I'm hope I have plenty of life left to make the transition from summer to autumn. I think I have some pretty good crops that can be ripened and harvested. The music sounds good, too. 

This makes the grey hair a very welcome sign--a sign of the harvest that is yet to come. In the end, it's the spaces between growing and decaying that life really happens--every moment--every day. I'm not entirely convinced that we could even have a life if we didn't also have decay and death.


There is not beginning without and ending.

Plus their is always hair dye, should all else fail. 

To Autumn
by John Keats

Sunday, April 8, 2012

Seeking Shambhala in Gallery 280

During a recent visit to the Museum of Fine Arts in Boston I discovered a variety of interesting curiosities. One, which I blogged about previously, is the discovery that I don't ever want to own or wear man pants. The main event of this particular trip, however, was the special exhibition in Gallery 280: Seeking Shambhala. The show is up until October 21 so you have plenty of time to catch it.

Shambhala, according to Tibetan Buddhist and Indian Buddhist traditions, is a mythical kingdom hidden somewhere deep within inner Asia. The land is said to be shaped like a giant lotus flower surrounded by eight petals which, in turn, are surrounded by snow-covered mountains. The inhabitants of Shambhala are protected by both the mountains and supernatural forces which ensure the residents are protected from the rest of the world. Those who live here lead an evolved spiritual life and are free from all forms of suffering and strife. Sounds kind of nice, doesn't it?

Prior to this trip to the MFA, the closest I've gotten to Shambhala was a trip to another museum. I think it was in 1997 that a group of Buddhist monks came to the Cleveland Museum of Art and created a sand mandala that was a physical representation of Shambhala.
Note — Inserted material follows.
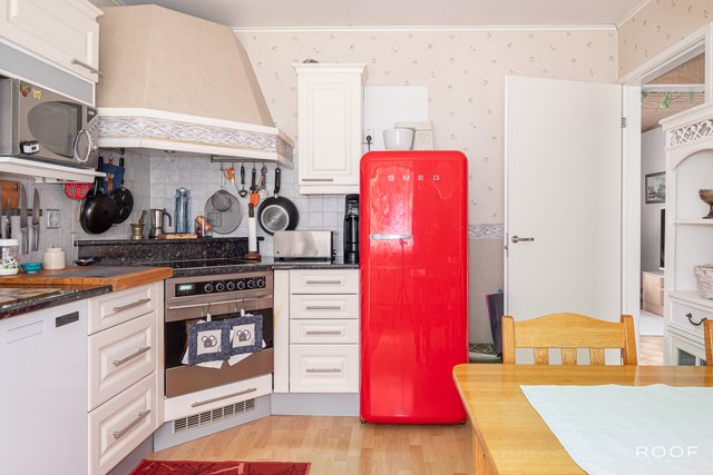 - Keittiössä oleva punainen SMEG jääkaappi

I also got fairly close to Shambhala when a group of monks were in residence at Northeastern University underneath my office in the counseling center. They also were building a sand mandala.

On both occasions I quietly hung out in the back of the room watching the monks carefully build the mandala--sometimes a grain of sand at a time. I also got to watch the ceremony at the end of the creation of the mandala where the sand was swept up and washed away in a body of water.

Impermanence. It gets you every time.

Among the various pieces in gallery 280 I came across this Buddha by Gonkar Gyatso. It was one of those great moments with art--I got drawn into the piece and all the little adornments placed onto the Buddha. Those few moments seemed like an eternity and when I left I saw everything in a different way. I got to thinking of all the little (and big) experiences of our lives that get imprinted upon us and shape our understandings of what comes next. I also got to thinking about the form of what is beneath this surface of impressions.

What might be like to take water and a scrub brush to this Buddha (I wouldn't actually do this, of course, except within my own mind). Might it be possible to wash away these small adornments on the Buddha--these impressions of life--and reveal the true form of the statute? Might it be possible that we can wash away the impressions of life--like the monks wash away the sand mandala--and be left with something pure?

I frequently tell clients who are working through trauma something similar. Trauma work, as I see it, is much like going to the doctor for wound debridement. Every bit of contaminant needs to be located and scrubbed out. I realize that for as many times as I've told a client this, I've never talked about what is left behind.

I'm not sure what would be left. That's probably why I've not thought to talk about it with a client. It's easy to think about what this Buddha would like like with all these impressions washed away. It's a lot harder to think about what people might look like. Maybe we'll figure it out if we ever get to Shambhala.

In the meantime, it's worth it to make a trip into Boston to spend some time with this Buddha. He has a lot to teach.